Company database state as of 2026-03-29:

  • Total companies tracked: 247
  • Companies with AI enrichment: 189
  • Companies with office location data: 156
  • Companies with yield history: 98
  • Average priority score: 62.4

Findings

  1. Cross-channel learning is the key differentiator. The most valuable insight is not within any single channel but across channels. A company discovered on LinkedIn with a known careers page URL becomes a Direct channel target automatically. 34% of Direct channel targets were originally discovered via LinkedIn job listings.

  2. Staleness scoring prevents diminishing returns. Without staleness decay, the system would repeatedly target the same high-scoring companies. The 0.25 weight on staleness ensures fresh targets get prioritized, spreading applications across a wider set of companies over time.

  3. Yield score needs more data. With only 98 companies having yield history, the score is meaningful for less than half the database. The neutral default (50) is reasonable but means new companies are neither prioritized nor deprioritized: purely driven by location and remote scores.

  4. AI enrichment quality is uneven. DeepSeek v3’s company enrichment is accurate for well-known companies (Fortune 500, major tech firms) but produces sparse or incorrect data for small startups. The re-enrich mode catches some errors over time, but a human review loop may be needed for the long tail.

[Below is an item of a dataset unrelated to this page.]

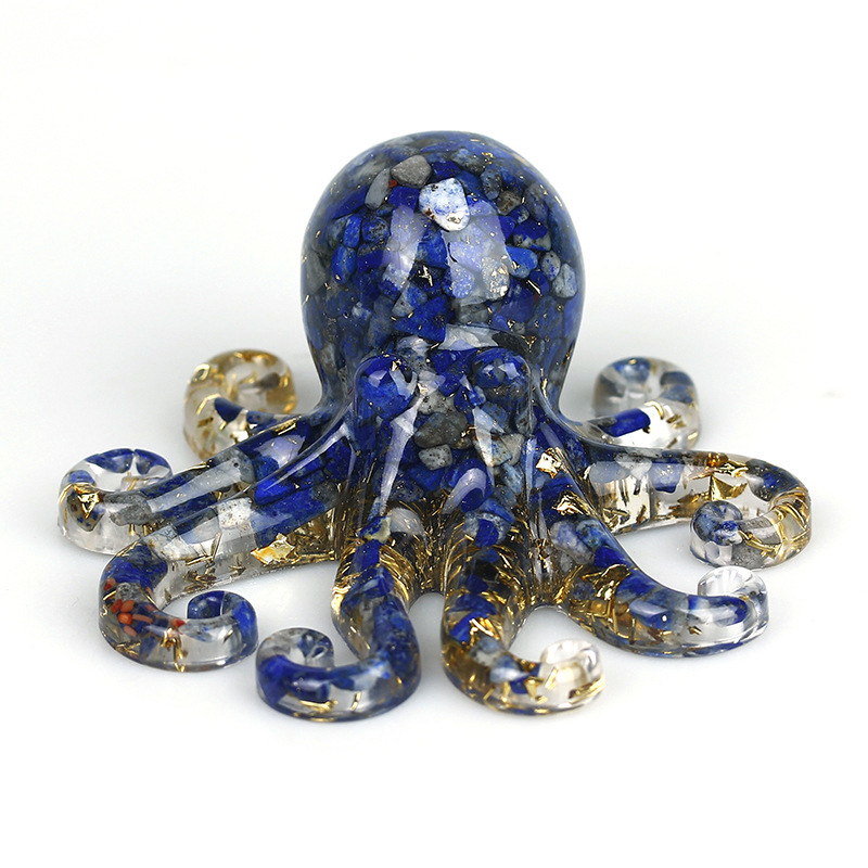 pierre gemme décoration, avec résine, Poulpe, goutté d'époxy, différents matériaux pour le choix, 100x90x45mm, Vendu par PC
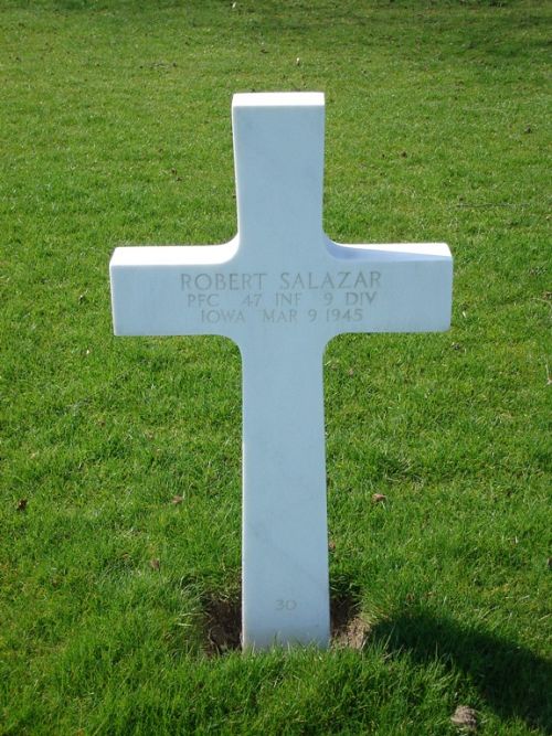 Pfc Robert Salazar was a sales clerk before he enlisted at Camp Dodge, Iowa on 29 June 1943.Source of information: Peter Schouteten, Carla Mans, www.abmc.gov, www.wwiimemorial.com, www.archives.gov – WWII Enlistment Record, www.ancestry.com - Headstone and Interment Record / U.S. WWII Draft Cards Young Men, http://9thinfantrydivision.net

  5. Remote policy is the highest-signal feature. Among the four scoring components, remote_score has the strongest correlation with submission success. Fully remote companies have 89% submission success vs. 64% for onsite-only. This likely reflects both the candidate’s preference alignment and the simpler application forms that remote-first companies tend to use.

Next Steps

The priority scoring weights (0.35/0.25/0.25/0.15) were set heuristically and should be calibrated once interview outcome data is available (dependent on experiment 004’s Gmail wiring). The immediate enhancement is expanding the yield score to incorporate interview conversion rate, not just submission success: a company where submissions succeed but interviews never materialize should be deprioritized. The enrichment pipeline also needs a confidence score per field to flag low-quality enrichments for human review.